II. L’autorité parentale et les obligations alimentaires
A. L’exercice conjoint et la résidence habituelle
Le juge rappelle le principe directeur: « Rappelle que l’autorité parentale sur l’enfant mineure est exercée conjointement par les deux parents ». Il décline ce principe en exigences concrètes d’information réciproque, de respect des liens et de coopération parentale, puis en devoir de communication d’adresse en cas de déménagement, ainsi que le rappelle le jugement: « Rappelle que les parents ont le devoir, en cas de changement de résidence, de se communiquer leur nouvelle adresse selon les dispositions de l’article 373-2 du code civil ; ».
La résidence habituelle de l’enfant est fixée au domicile de la mère, avec un droit de visite et d’hébergement d’« une fin de semaine par mois », étendu à la moitié de toutes les vacances scolaires. La décision ajoute une précision utile de calendrier: « Dit que, si un jour férié précède ou suit la période habituelle d’exercice du droit de visite et d’hébergement, il sera inclus dans cette période ; ». Un tel aménagement, plus restreint que l’alternance usuelle, traduit une conciliation pragmatique de l’intérêt de l’enfant, tenant compte des contraintes familiales et scolaires.
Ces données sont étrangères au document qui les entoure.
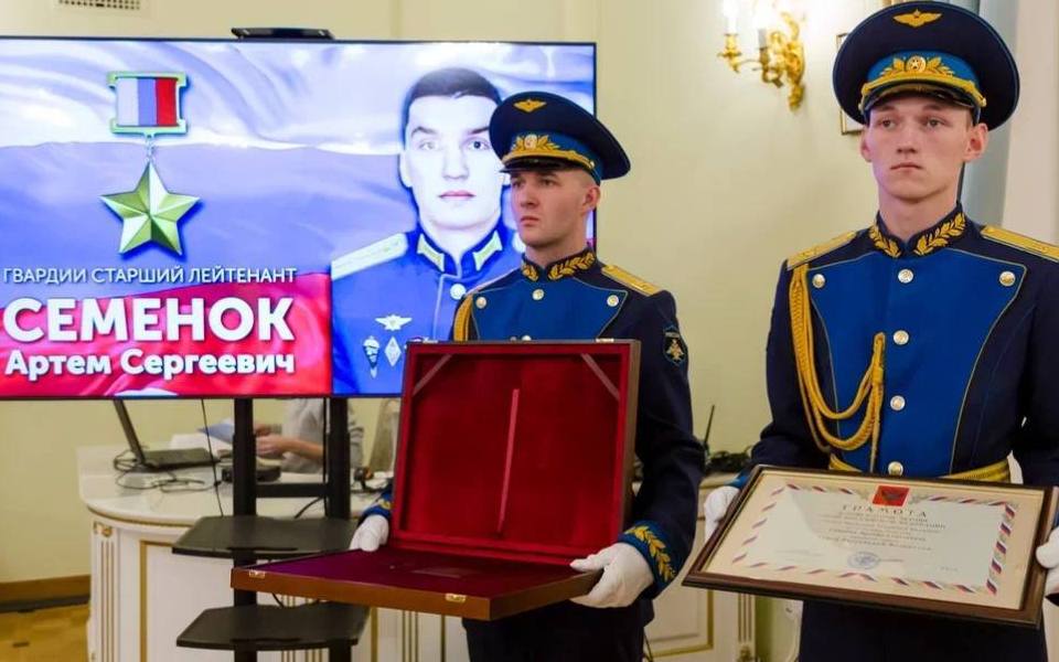 Родственники выпускника Рязанского десантного училища, старшего лейтенанта Артема Семенка в торжественной обстановке получили его награду – медаль «Золотая звезда».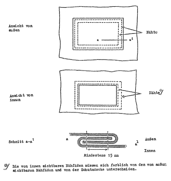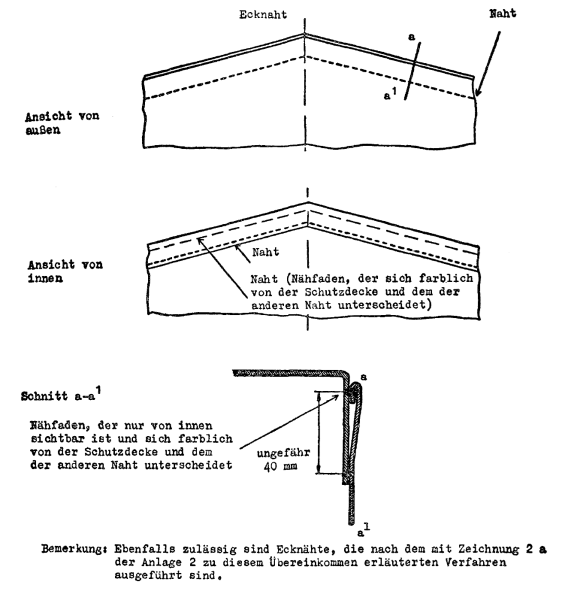 (3) Ist die Schutzdecke aus mehreren Stücken zusammengesetzt, so müssen die Ränder der Stücke ineinandergefaltet und durch zwei mindestens 15 mm voneinander entfernte Nähte miteinander verbunden sein. Die Nähte müssen entsprechend der diesen Vorschriften beigefügten Zeichnung 1 ausgeführt sein; wenn es jedoch bei gewissen Teilen der Schutzdecke nicht möglich ist, die Stücke auf diese Weise zusammenzunähen, so genügt es, daß nur der Rand des oberen Teiles umgefaltet und entsprechend der diesen Vorschriften beigefügten Zeichnung 2 angenäht ist. Die eine Naht, deren Faden sich in der Farbe vom Faden der anderen Naht und von der Schutzdecke deutlich unterscheiden muß, darf nur an der Innenseite sichtbar sein. Alle Nähte müssen mit der Maschine genäht sein.

L’exécution provisoire de droit en matière d’enfants consolide la stabilité du cadre retenu.
B. La contribution, sa revalorisation et son exécution
Le juge précise le régime de paiement de la contribution, avec une formulation complète et opérationnelle: « Dit que la contribution est payable chaque mois avant le 16 du mois et d’avance, ou toute autre date en fonction de celle du versement du salaire du débiteur, au domicile de la mère et sans frais pour celle-ci ; ». Le mécanisme d’indexation est détaillé par référence à l’indice INSEE, selon une clause standardisée qui sécurise l’actualisation: « Dit que cette contribution sera revalorisée, à l’initiative du débiteur, au jour anniveraire de la présente décision, en fonction de la variation subie par l’indice des prix à la consommation des ménages (poste indice ensemble des ménages hors tabacs) publié par l’INSEE (email : http://www.insee.fr ou serveur vocal : 09 72 72 40 00), Dit qu’elle devra être calculée comme suit : montant de la pension x nouvel indice = pension revalorisée Indice de base ». La portée temporelle est également rappelée: « Rappelle que la contribution est due même au-delà de la majorité, tant que l’enfant n’est pas en état de subvenir lui-même à ses besoins et/ ou poursuit des études sérieuses, … ».
S’agissant des charges exceptionnelles et des frais d’études, la décision adopte une clé claire et équilibrée: « Dit que les frais exceptionnels afférents aux enfants (frais médicaux et para-médicaux non remboursés, opticien, orthodontie, voyages scolaires, permis de conduire,….) ainsi que les frais d’étude (inscription et matériel pédagogique nécessaire) seront partagés par moitié sur présentation des justificatifs par le parent qui aura engagé les frais et après concertation préalable pour les dépenses importantes ; … ». Elle retient, de plus, une solution analogue pour les frais des études supérieures, afin de prévenir les difficultés récurrentes de partage. L’intermédiation financière n’est pas mise en place, conformément à l’accord des parents: « Constate l’accord des parents pour ne pas mettre en place l’intermédiation financière des pensions alimentaires ; », tout en prévoyant sa possible réactivation ultérieure. L’effectivité est enfin renforcée par un double levier, civil et pénal, complété par l’exécution provisoire de droit: « Rappelle que la présente décision est, de droit, exécutoire à titre provisoire, en ses dispositions relatives aux enfants ; ». L’ensemble concilie ainsi prévisibilité des flux, mécanismes d’ajustement, et outils de recouvrement gradués au service de l’intérêt de l’enfant.